(Source records)
┌──

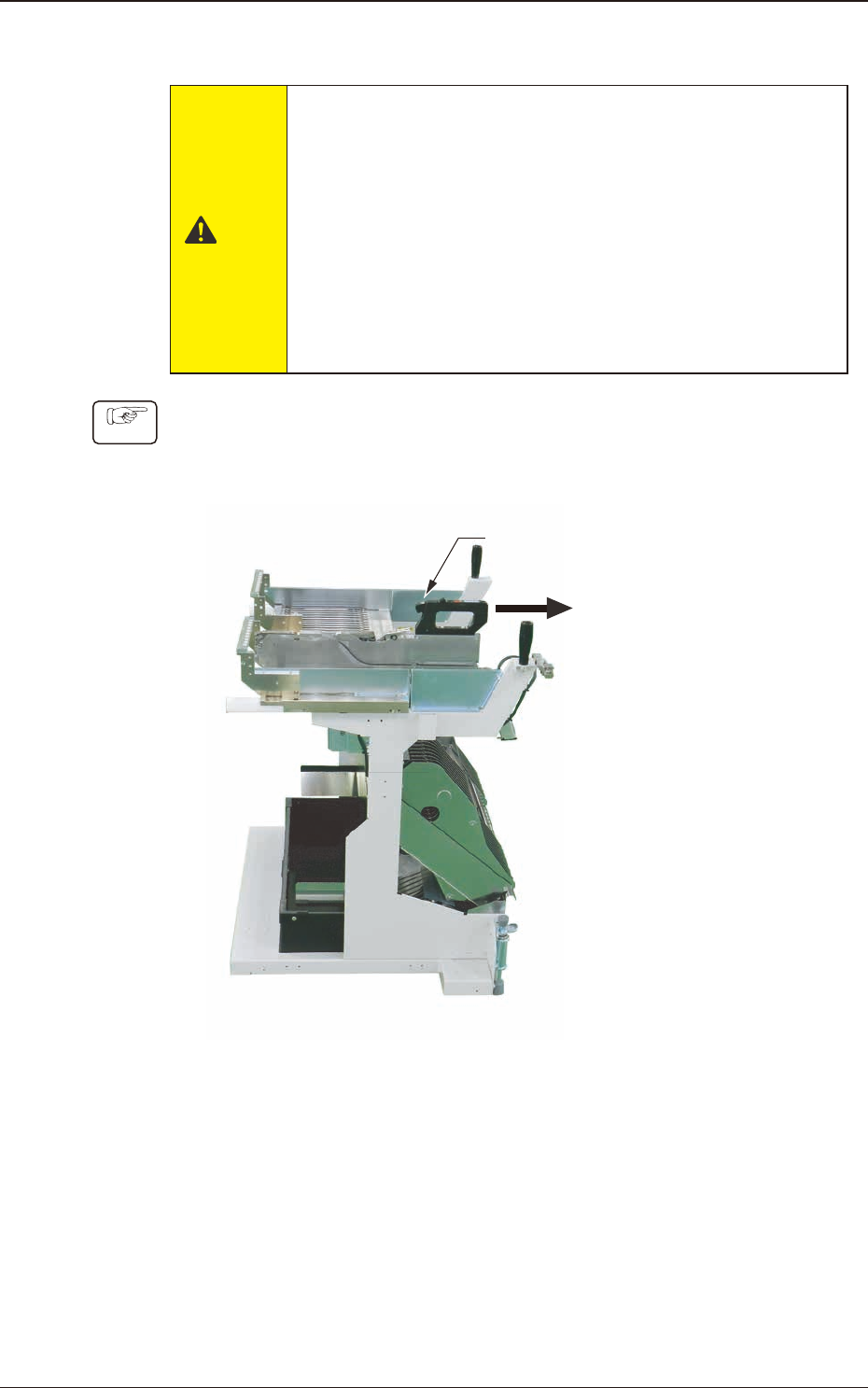(2) テープフィーダをゆっくり右手で、手前へ引寄せる。
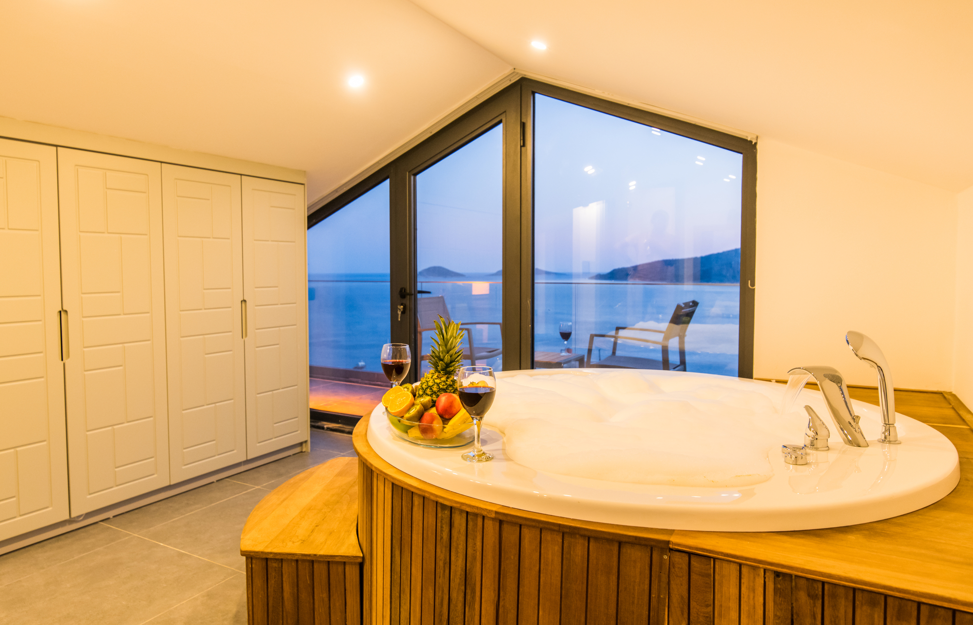 Take in the panoramic views of the bay while enjoying the villa’s private pool and sun terrace.
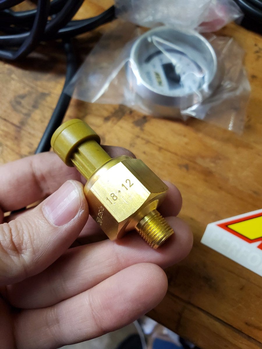 Here’s the T installed and plumbed to the pressure sender. I’m a little disappointed that a kit at this price didn’t include a bracket and some self tapping screws but I guess I’ll just zip tie the brass unit to the factory wiring.
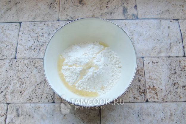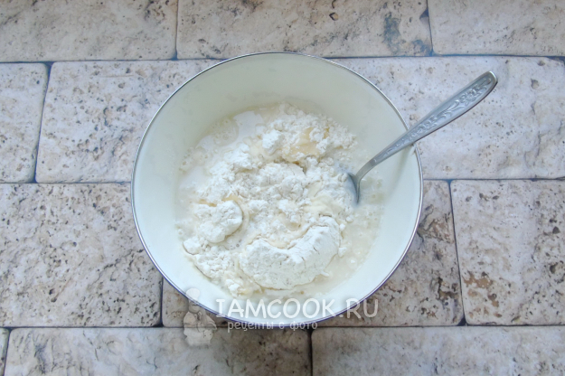 Налейте горячую воду, но не кипяток. Сначала тесто перемешивайте в миске ложкой.
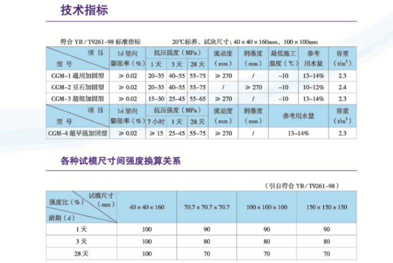 技术指标 符合YB/T9261-98标准指标 20℃标养、试块尺寸:40×40×160mm,100×100mm

└──

Exercise prompt: Give the data above back unchanged, except for the pictures.

Answer area:
(2) テープフィーダをゆっくり右手で、手前へ引寄せる。
 Take in the panoramic views of the bay while enjoying the villa’s private pool and sun terrace.
 Here’s the T installed and plumbed to the pressure sender. I’m a little disappointed that a kit at this price didn’t include a bracket and some self tapping screws but I guess I’ll just zip tie the brass unit to the factory wiring.
 Налейте горячую воду, но не кипяток. Сначала тесто перемешивайте в миске ложкой.
 技术指标 符合YB/T9261-98标准指标 20℃标养、试块尺寸:40×40×160mm,100×100mm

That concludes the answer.